Supplied material
»»

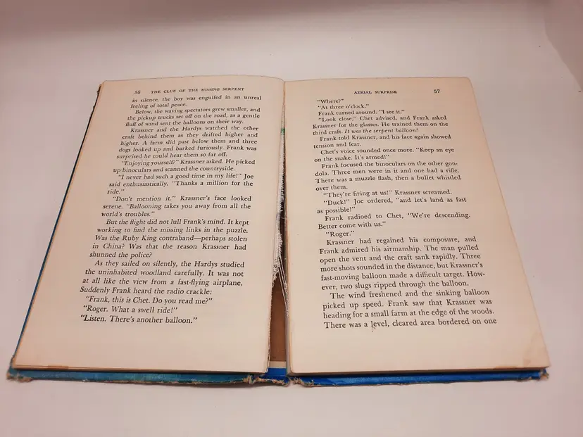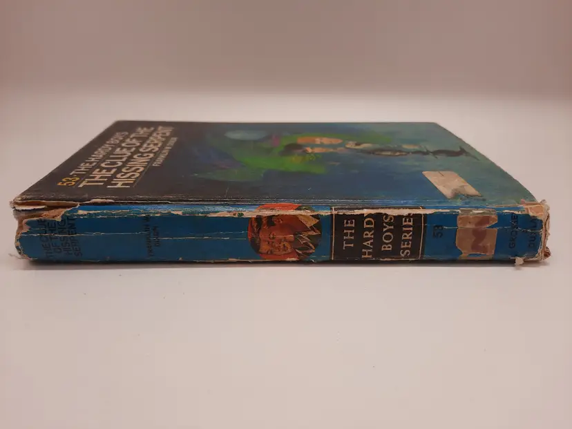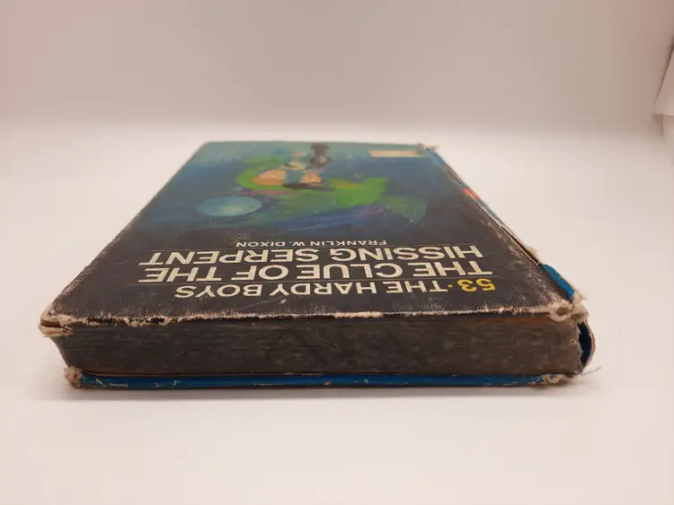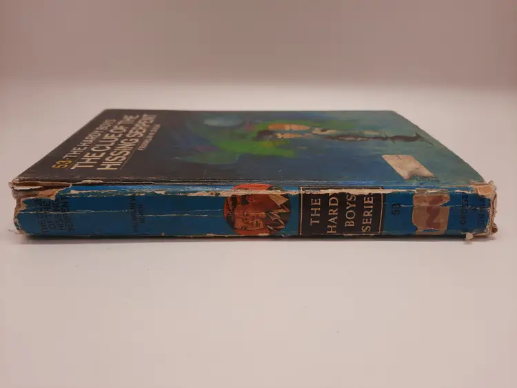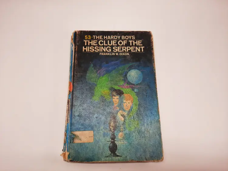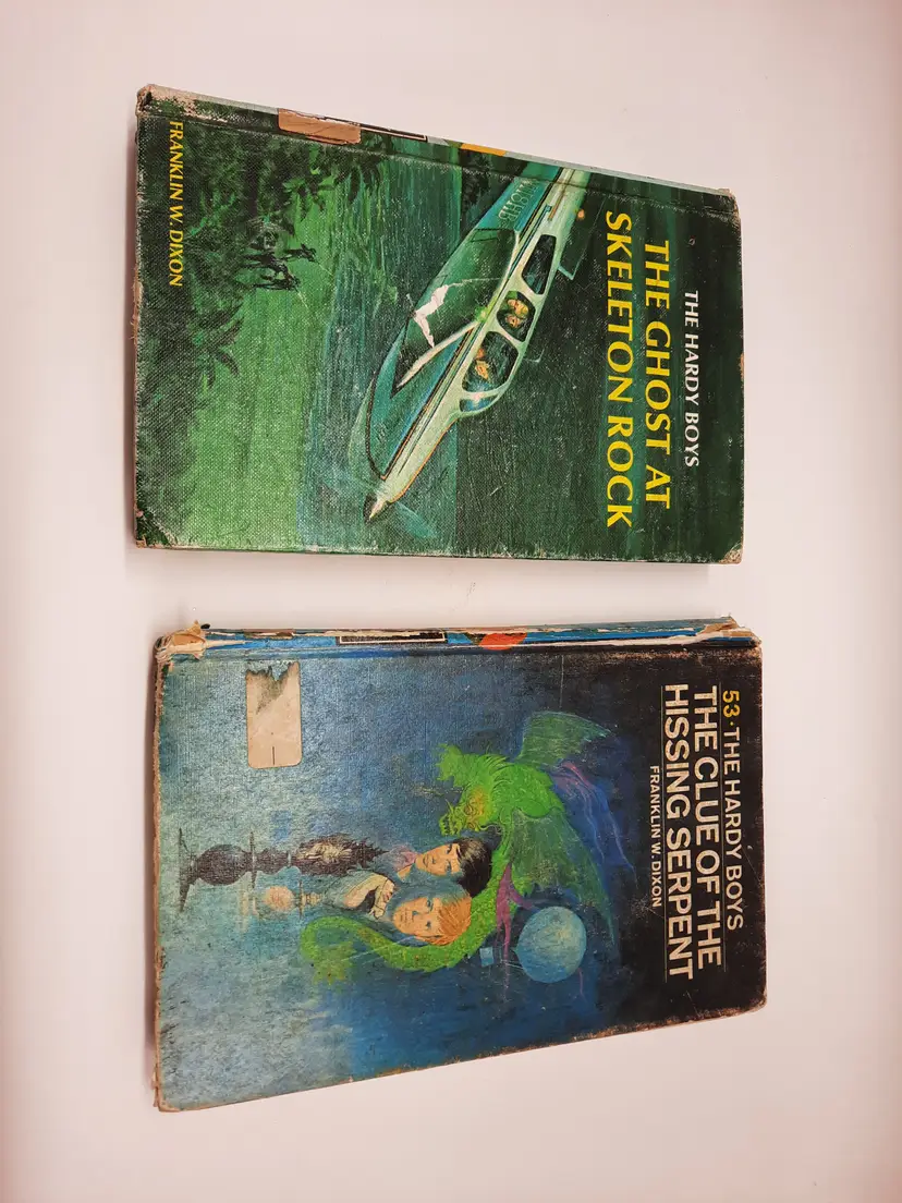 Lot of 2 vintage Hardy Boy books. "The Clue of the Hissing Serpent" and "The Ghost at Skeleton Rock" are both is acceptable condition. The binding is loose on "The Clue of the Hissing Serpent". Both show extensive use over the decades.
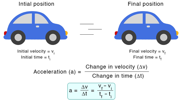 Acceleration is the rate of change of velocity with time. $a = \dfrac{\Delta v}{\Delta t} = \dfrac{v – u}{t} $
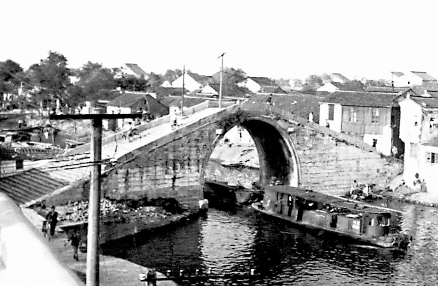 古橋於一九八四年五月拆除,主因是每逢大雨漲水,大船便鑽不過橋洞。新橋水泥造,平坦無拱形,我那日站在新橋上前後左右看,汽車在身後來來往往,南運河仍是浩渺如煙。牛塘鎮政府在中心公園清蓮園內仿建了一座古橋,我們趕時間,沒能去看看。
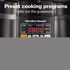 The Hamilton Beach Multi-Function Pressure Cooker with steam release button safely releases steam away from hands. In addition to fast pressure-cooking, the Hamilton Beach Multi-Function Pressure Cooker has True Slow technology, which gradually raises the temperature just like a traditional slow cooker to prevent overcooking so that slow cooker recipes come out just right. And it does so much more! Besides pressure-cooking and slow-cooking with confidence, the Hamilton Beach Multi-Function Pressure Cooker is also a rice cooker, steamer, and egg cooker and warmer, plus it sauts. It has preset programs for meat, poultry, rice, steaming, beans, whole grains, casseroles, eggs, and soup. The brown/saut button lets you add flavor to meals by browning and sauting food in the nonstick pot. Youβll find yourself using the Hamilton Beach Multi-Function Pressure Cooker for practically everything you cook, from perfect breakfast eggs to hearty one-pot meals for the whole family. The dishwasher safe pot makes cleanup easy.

««
»»

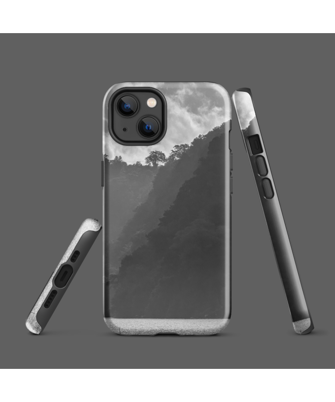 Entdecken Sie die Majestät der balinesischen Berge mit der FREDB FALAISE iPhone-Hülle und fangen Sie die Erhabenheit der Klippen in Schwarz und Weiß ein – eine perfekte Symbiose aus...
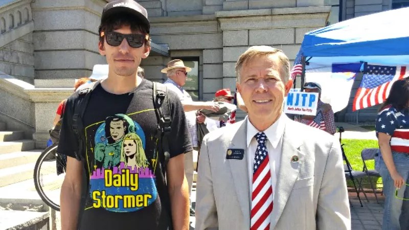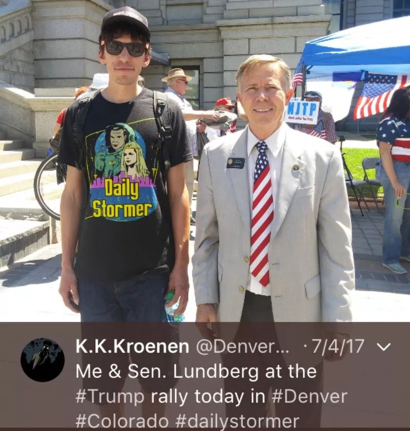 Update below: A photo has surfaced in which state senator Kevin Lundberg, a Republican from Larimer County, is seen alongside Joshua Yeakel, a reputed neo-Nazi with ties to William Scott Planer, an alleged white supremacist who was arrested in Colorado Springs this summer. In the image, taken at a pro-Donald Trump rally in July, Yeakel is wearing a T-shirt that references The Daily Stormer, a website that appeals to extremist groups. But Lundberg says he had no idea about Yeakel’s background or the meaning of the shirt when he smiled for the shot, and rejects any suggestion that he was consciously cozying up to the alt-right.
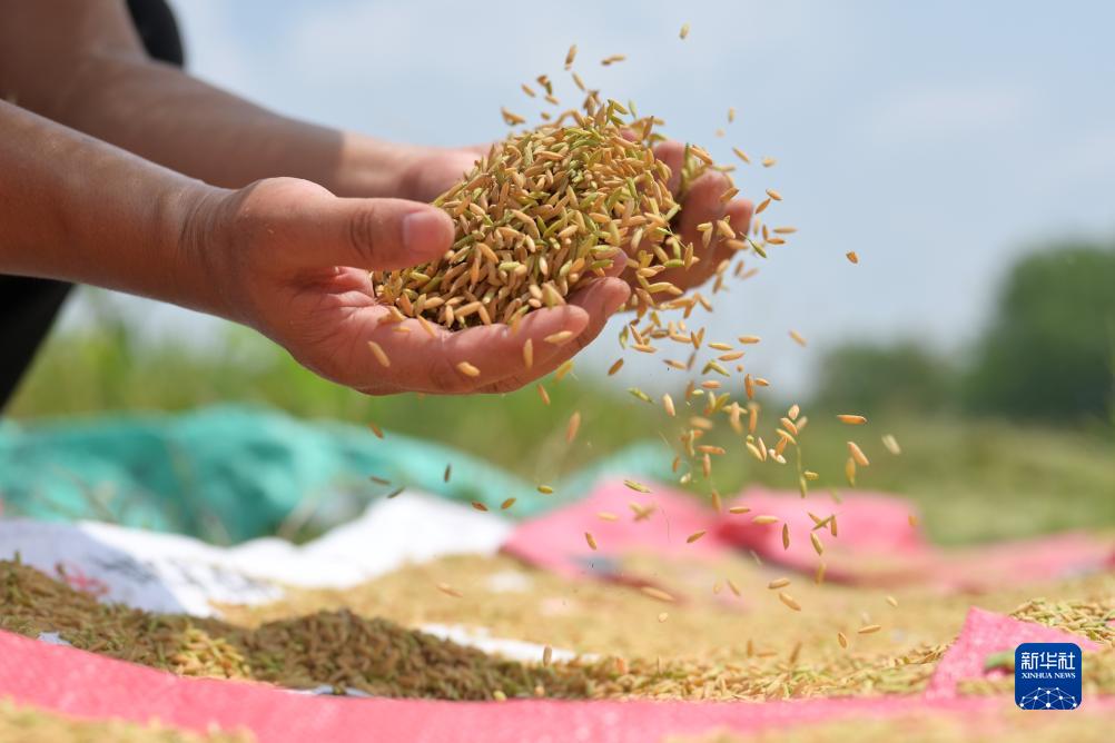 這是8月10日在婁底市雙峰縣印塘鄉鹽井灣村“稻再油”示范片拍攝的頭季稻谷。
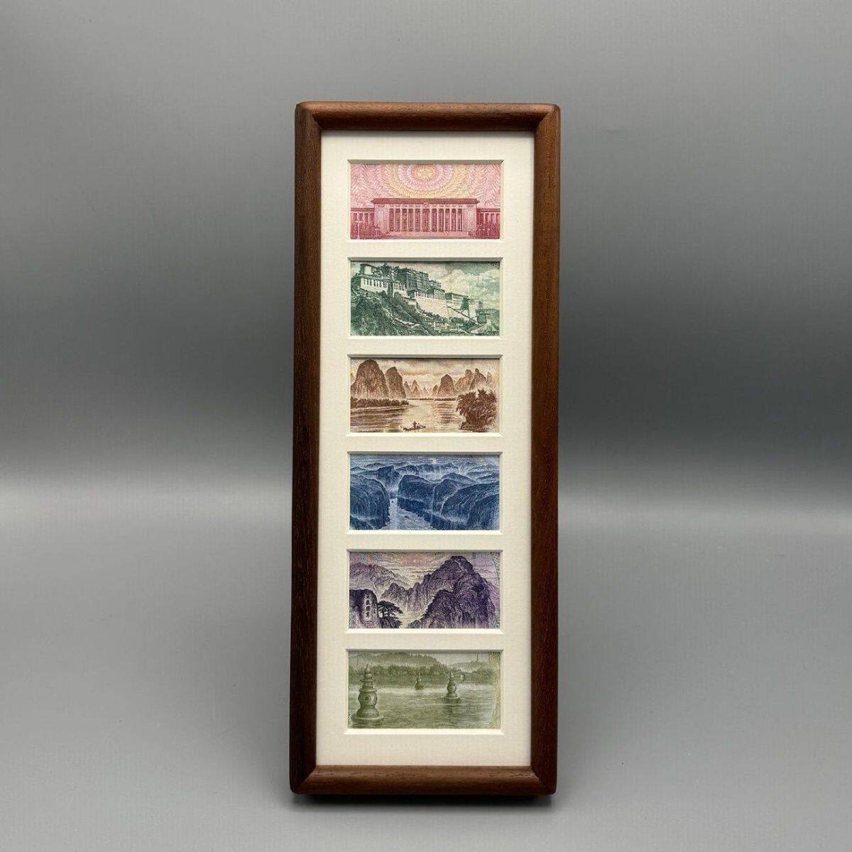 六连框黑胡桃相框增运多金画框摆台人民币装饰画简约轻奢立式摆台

««

Assignment
Drop the pictures; return the lines above from the line containing "Lot of 2 vintage" to the line containing "古橋於一九八四年五月拆除,主", both included, exactly.

Task answer
 Lot of 2 vintage Hardy Boy books. "The Clue of the Hissing Serpent" and "The Ghost at Skeleton Rock" are both is acceptable condition. The binding is loose on "The Clue of the Hissing Serpent". Both show extensive use over the decades.
 Acceleration is the rate of change of velocity with time. $a = \dfrac{\Delta v}{\Delta t} = \dfrac{v – u}{t} $
 古橋於一九八四年五月拆除,主因是每逢大雨漲水,大船便鑽不過橋洞。新橋水泥造,平坦無拱形,我那日站在新橋上前後左右看,汽車在身後來來往往,南運河仍是浩渺如煙。牛塘鎮政府在中心公園清蓮園內仿建了一座古橋,我們趕時間,沒能去看看。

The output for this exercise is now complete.